Tez is a DAG execution engine that runs on YARN and is primarily used as a backend for Hive and Pig. Spark is a standalone processing engine with its own cluster manager, APIs, and ecosystem (MLlib, Structured Streaming, Spark SQL). Tez improves MapReduce performance within the Hadoop ecosystem; Spark replaces MapReduce entirely with a different processing model.

Does Apache Tez support Python?

Not natively. Tez is a Java-based execution engine. Python support comes through higher-level tools that use Tez as a backend — for example, Hive queries written in SQL can run on Tez. If you need a Python-first batch processing framework, Apache Spark with PySpark is the better choice.
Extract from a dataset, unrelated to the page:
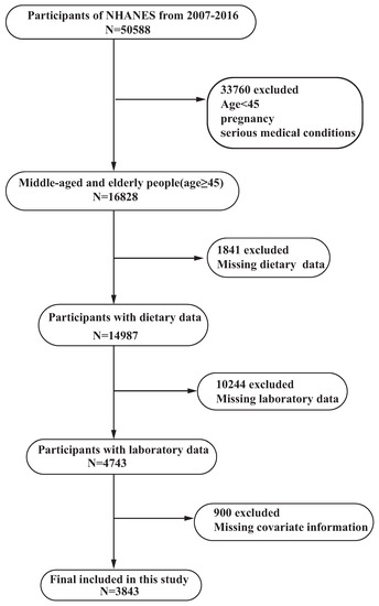 The study sample was selected based on the following criteria: inclusion criteria included all samples aged ≥45 years in the NHANES database from 2007–2016, while exclusion criteria were (1) pregnant women, (2) participants with serious diseases (e.g., malignancy, coronary heart disease, etc.), and (3) participants with missing data on key indicators such as demographic, laboratory and questionnaire data, and dietary data. A total of 3843 study subjects were included after applying these criteria. (Figure 1 and supplementary file).

How much memory does Spark need?

Spark’s memory requirements depend on your data size and transformations. A good starting point is 4-8 GB of executor memory per core. Spark needs enough memory to cache RDDs/DataFrames and perform shuffle operations. For a 1 TB dataset, a cluster with 10 executors at 8 GB each (80 GB total) is a reasonable starting point.

Can I run Spark without Hadoop?

Yes. Spark can run in standalone mode, on Kubernetes, or on Mesos without any Hadoop components. It can also read from cloud storage (S3, GCS, Azure Blob), local filesystems, or databases directly. Hadoop (HDFS + YARN) is only needed if you want Spark to run on a Hadoop cluster.